Bad Idea for Dealing with the Behaviour Crisis #3: End Compulsory Education
Posted by: oldandrew in UncategorizedThere is some appeal to returning to the nineteenth century and making education optional. While there is a case that the system should make more allowances for those who are not learning in school, but nevertheless might learn in another environment, it is greatly over-estimated as a panacea for behaviour.
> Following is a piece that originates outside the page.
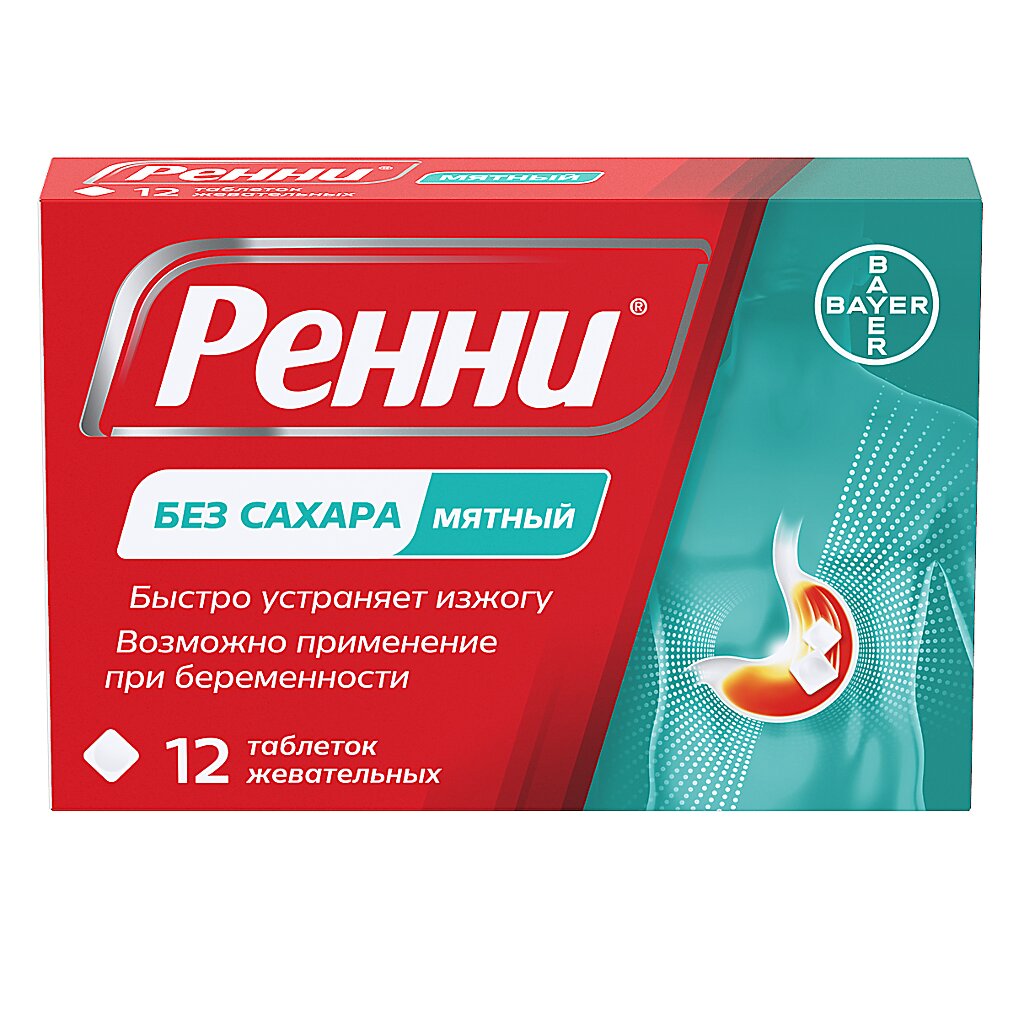 1 таблетка Ренни® без сахара содержит 400 мг сорбитола и сахарин и может применяться пациентами, страдающими диабетом.
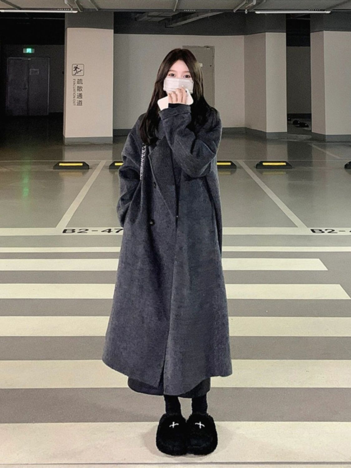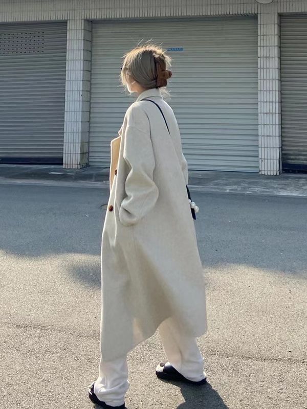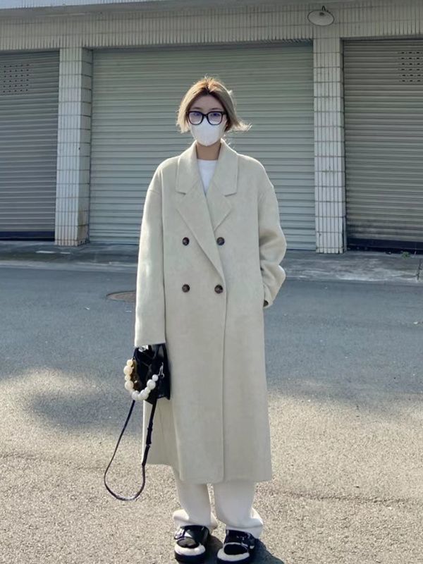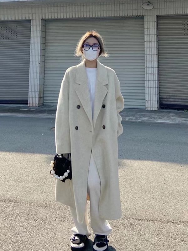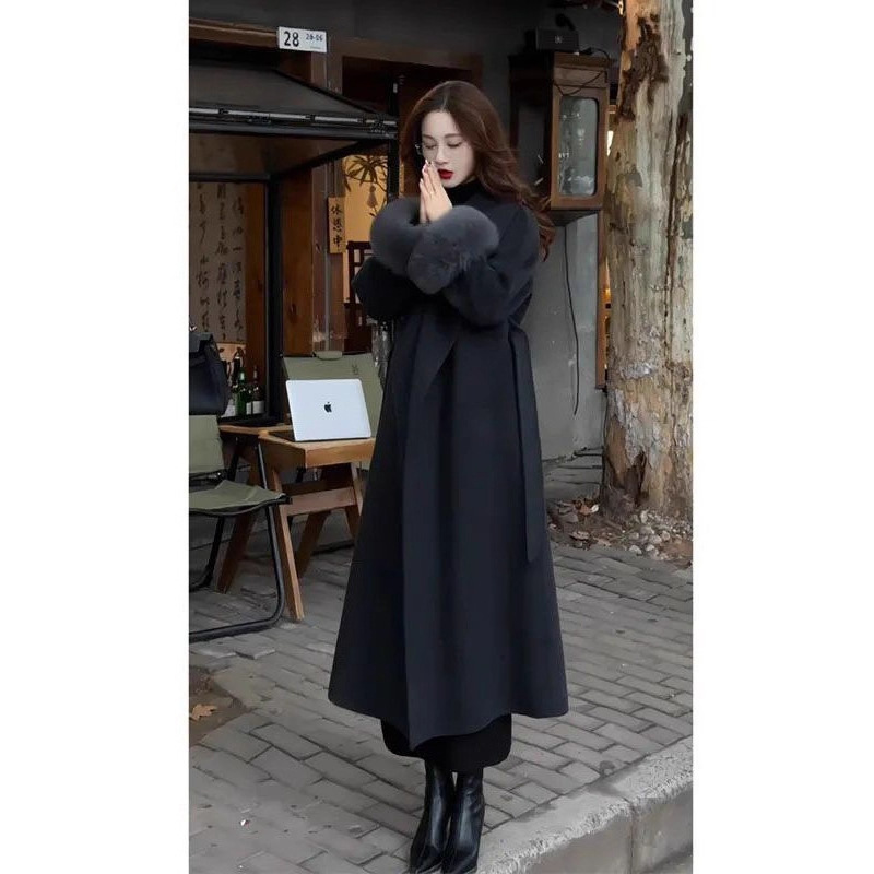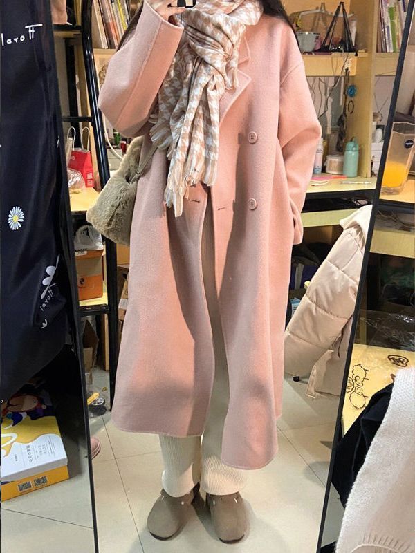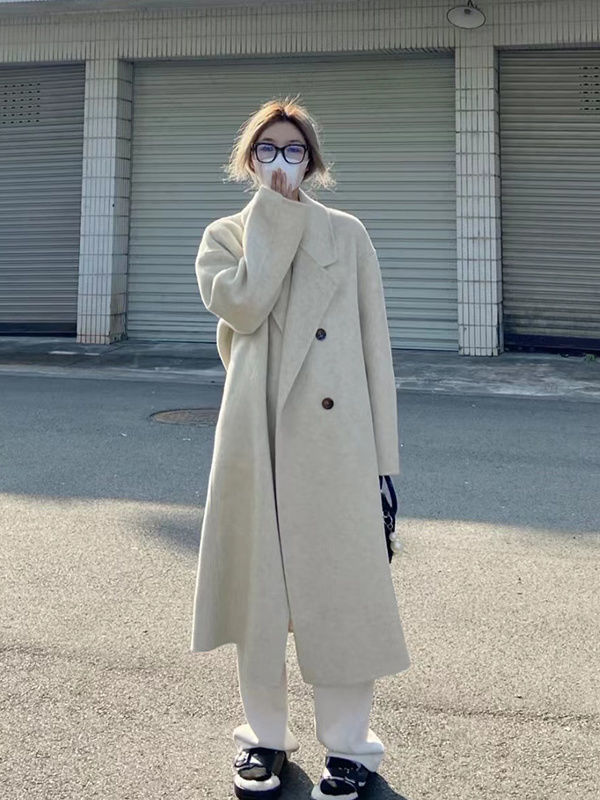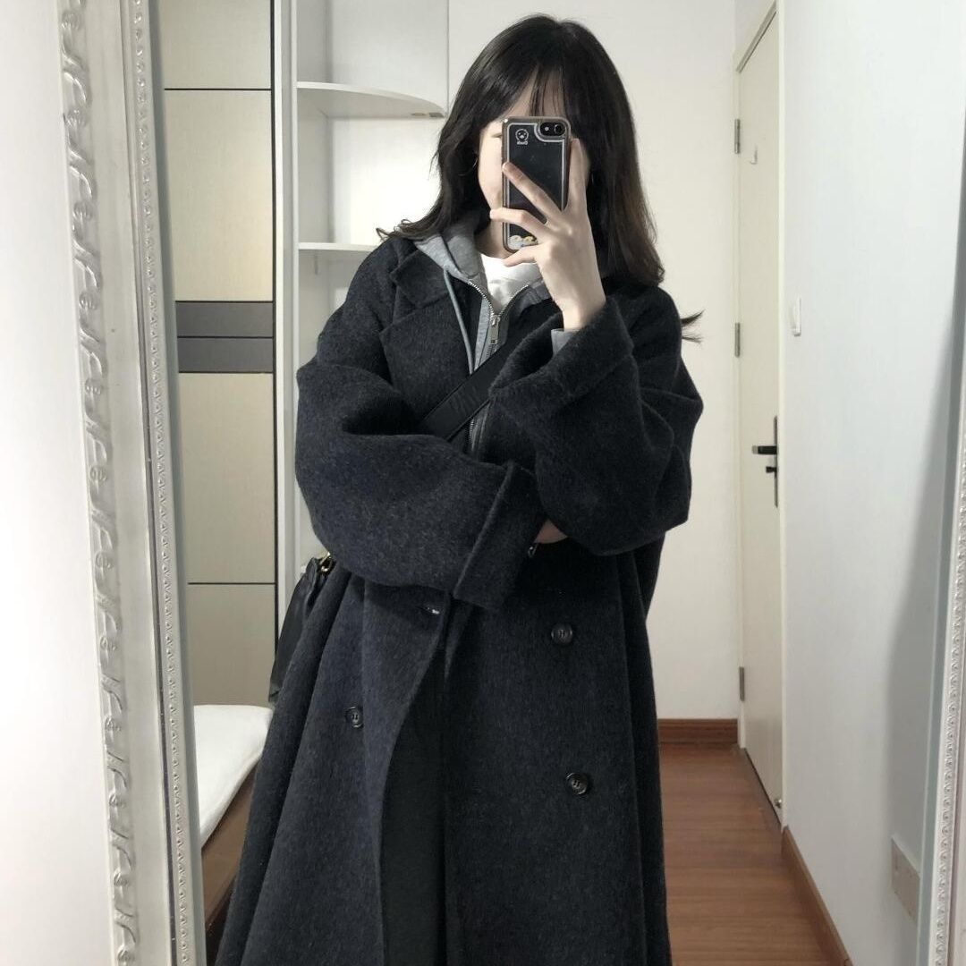 2025 秋冬新作両面ウールコートレディースロングカシミヤ韓国風ルーズウールコート気質痩身女性

Secondary education is close to optional at the moment. Local Authorities are reluctant to fine parents who aid truancy and even those who do take parents to court are still slow to set the wheels in motion. For the worst behaved students there is very little that would actually get them into the classroom if they didn’t want to go. The suggestion that compulsory education is the cause of poor behaviour in schools ignores the fact that lots of badly behaved students want to be in school. Where else would they find a ready supply of adults to torment and peers to impress? More than one teacher has suggested to me that “EBD”, the current term for students that seem unable to behave, stands for Every Bloody Day because that’s how often they turn up. Conversely, there are a lot of well behaved students who would be the first to disappear if school became optional (often to escape the kids that won’t behave).
Furthermore, it doesn’t take too many bus journeys or walks through my local park, to realise that the propensity of groups of adolescents to misbehave is not dependent on being in school. Many of the students who are out of control in school are equally out of control on the streets. While teachers might well cheer if their behaviour was moved out of the school and became somebody else’s problem, it is unlikely that anyone else would be happy, making an end to compulsory education a political non-starter.